Posted by stan_the_man70 on August 2, 2015, at 10:12:59

In reply to anyone heard of riordan clinic?, posted by stan_the_man70 on July 30, 2015, at 12:31:52

----------------quote reference
http://www.orthomolecular.org/resources/omns/v10n12.shtml
-------------end quote

FOR IMMEDIATE RELEASE
Orthomolecular Medicine News Service, July 25, 2014

Laropiprant is the Bad One; Niacin is/was/will always be the Good One

by W. Todd Penberthy, PhD

-------------------------excerpt
Why the B Vitamins Are So Important

The B vitamins were discovered due to terrible nutritional epidemics: pellagra (niacin/vitamin B3 deficiency) and beriberi (thiamine/vitamin B1 deficiency). We are very sensitive to a deficiency of niacin. Over 100,000 people died in the American south in the first two decades of the 20th century due to a lack of niacin in their diet. It was perhaps the worst nutritional epidemic ever observed in modern times, and was a ghastly testimony to how vulnerable the human animal is to niacin deficiency. The pellagra and beriberi epidemics took off shortly after the introduction of processed foods such as white rice and white flour. Poor diets, mental and physical stresses, and certain disease conditions have all been proven to actively deplete nicotinamide adenine dinucleotide (NAD) levels, causing patients to respond favorably to greater than average niacin dosing.

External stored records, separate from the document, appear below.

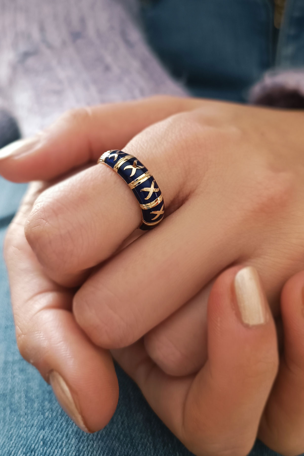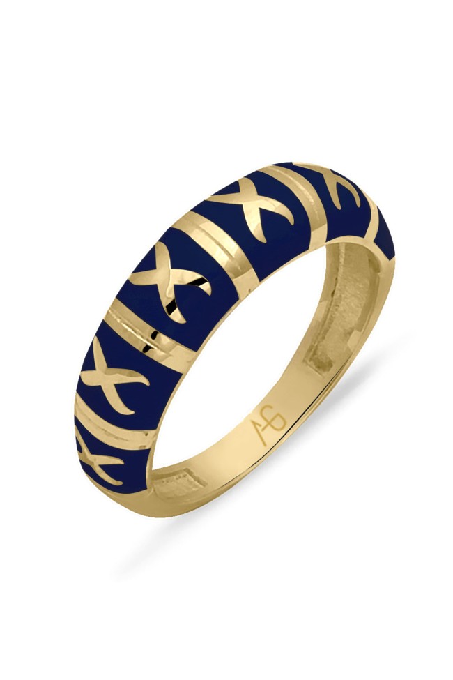 14 Ayar modern tasarımı ile farklı duruşa sahip lacivert mineli taşsız model, sevdiklerinize yada kendinize armağan olarak tercih edebileceğiniz modern tasarım günlük kullanıma uygun 3.30 gram ağırlığında spor yüzük.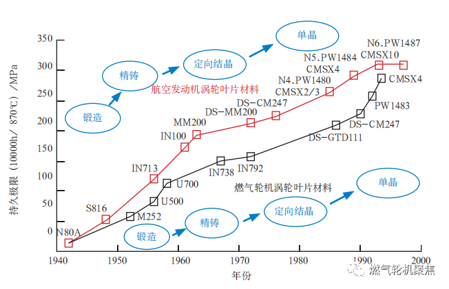 高溫合金材料在燃氣輪機及航空發動機等領域發揮著至關重要的作用。隨著航空發動機推重比增大,渦輪前溫度不斷提高,要求高溫合金的力學性能也相應提高。燃氣輪機功率和效率的不斷提高,是靠提高渦輪初溫(相當于航空發動機的渦輪進口溫度)來實現的,同樣需要采用承溫能力越來越高的高溫合金。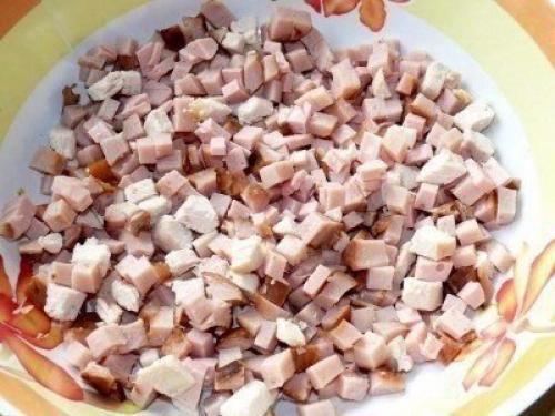 2. затем режим варенное мясо, можно копчёное мясо или колбаску, тоже 1 х 1 см.
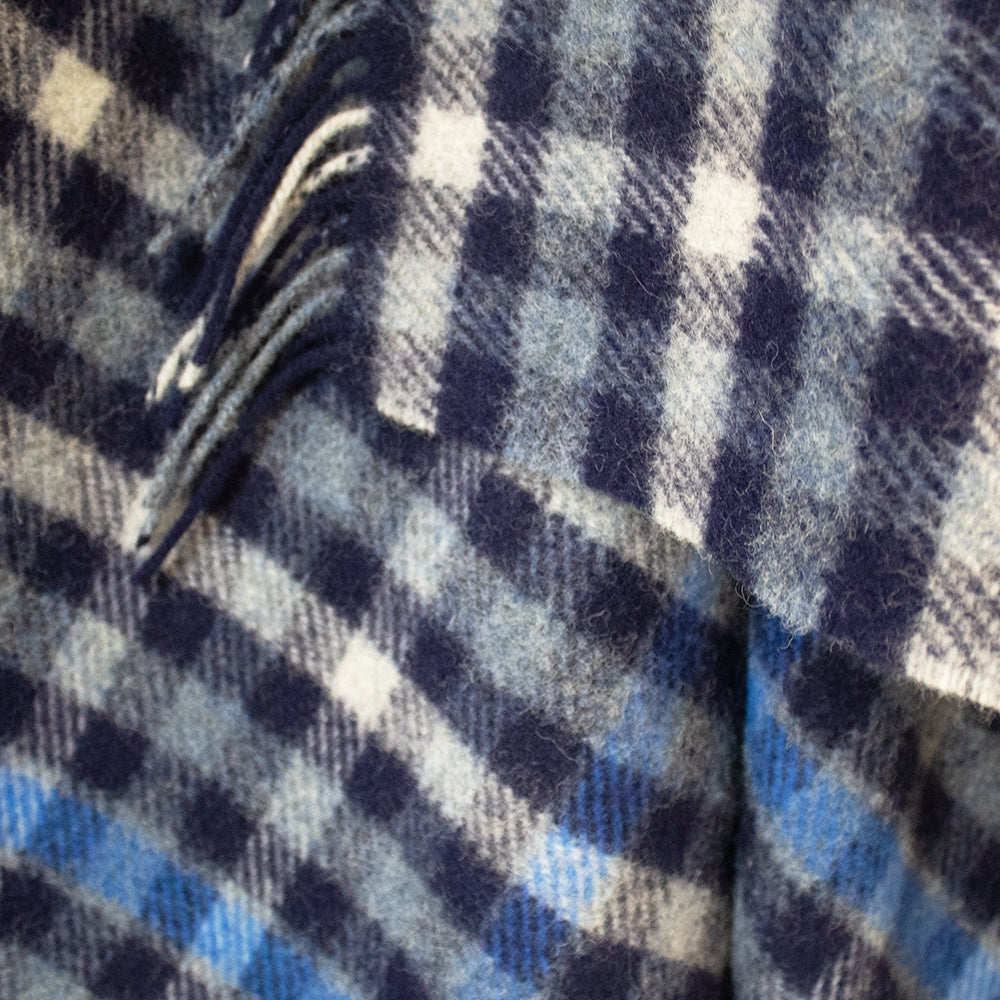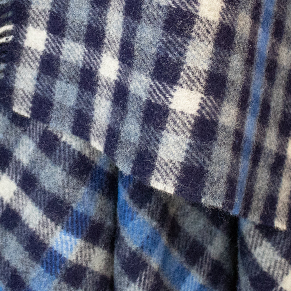 Blue & Navy Check Large Wool Blanket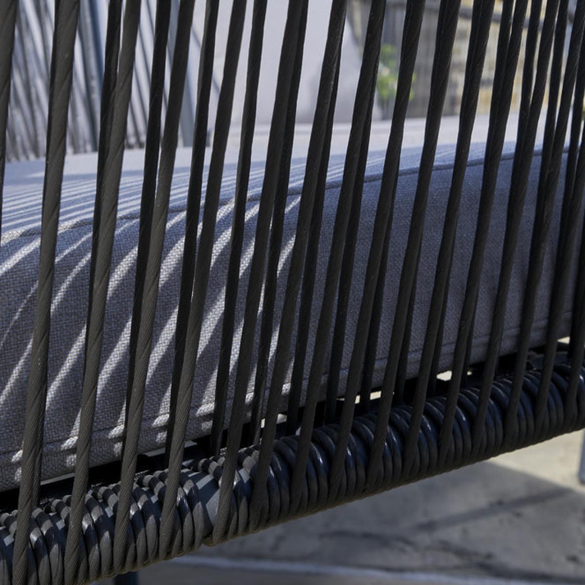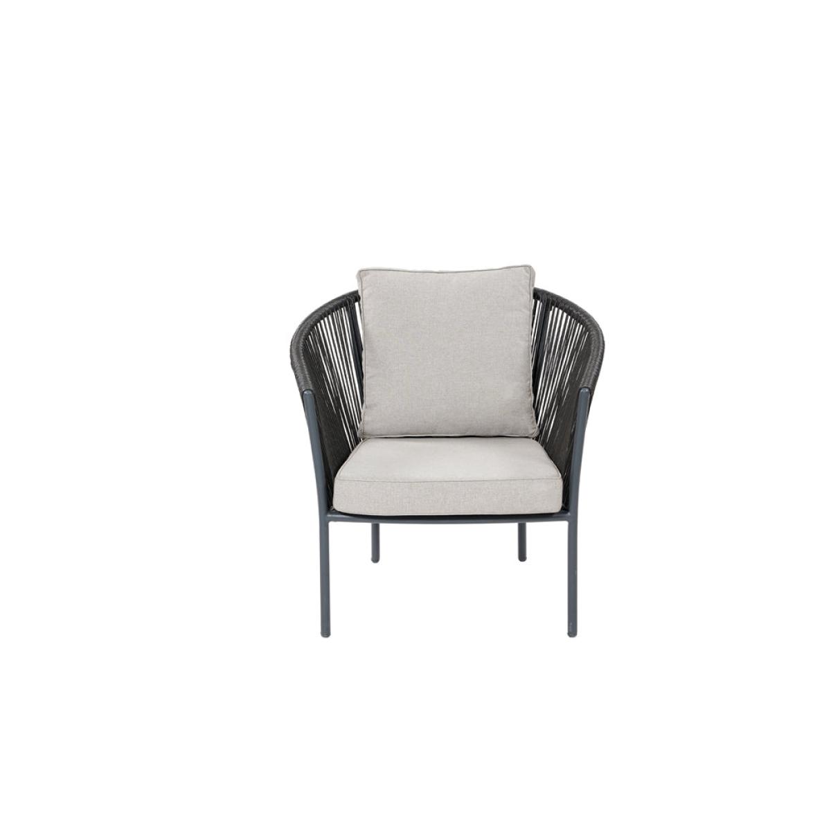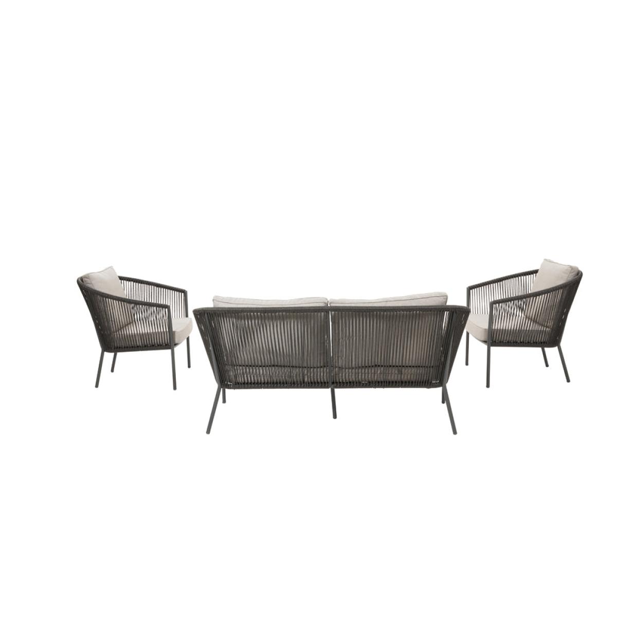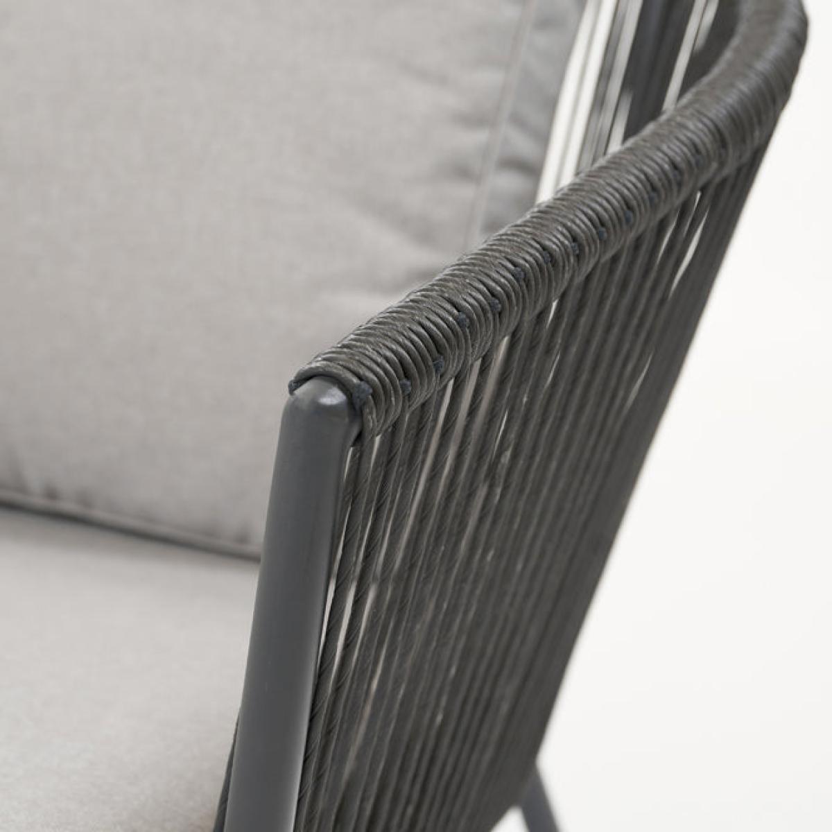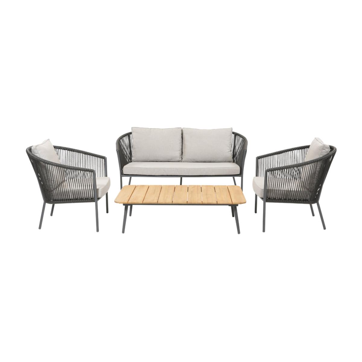 The Remi Stackable Lounge Set is available in grey twisted Polystring. This modern lounge set includes one sofa, 2x chairs and an Acacia wood-topped table. The frame is powder-coated aluminium, ensuring maximum protection from the weather. The chairs stack within the sofa for easy storage.

How is it possible that niacin can be useful for many different conditions? It seems too good to be true. The reason is that niacin is necessary for more biochemical reactions than any other vitamin-derived molecule: over 450 different gene-encoded enzymatic reactions (UniproKB database of the Swiss Institute of Bioinformatics; (Penberthy 2013)). That is more reactions than any other vitamin-derived co-factor! Niacin is involved in just about every major biochemical pathway. Some individuals, who have a genetically encoded amino acid polymorphism within the NAD binding domain of an enzyme protein, will have a lower binding affinity for NAD that can only be treated by administering higher amounts of niacin to make the amount of NAD required for normal health. Genetic differences such as these are why many individuals require higher amounts of niacin in order for their enzymes to function correctly (Ames 2002).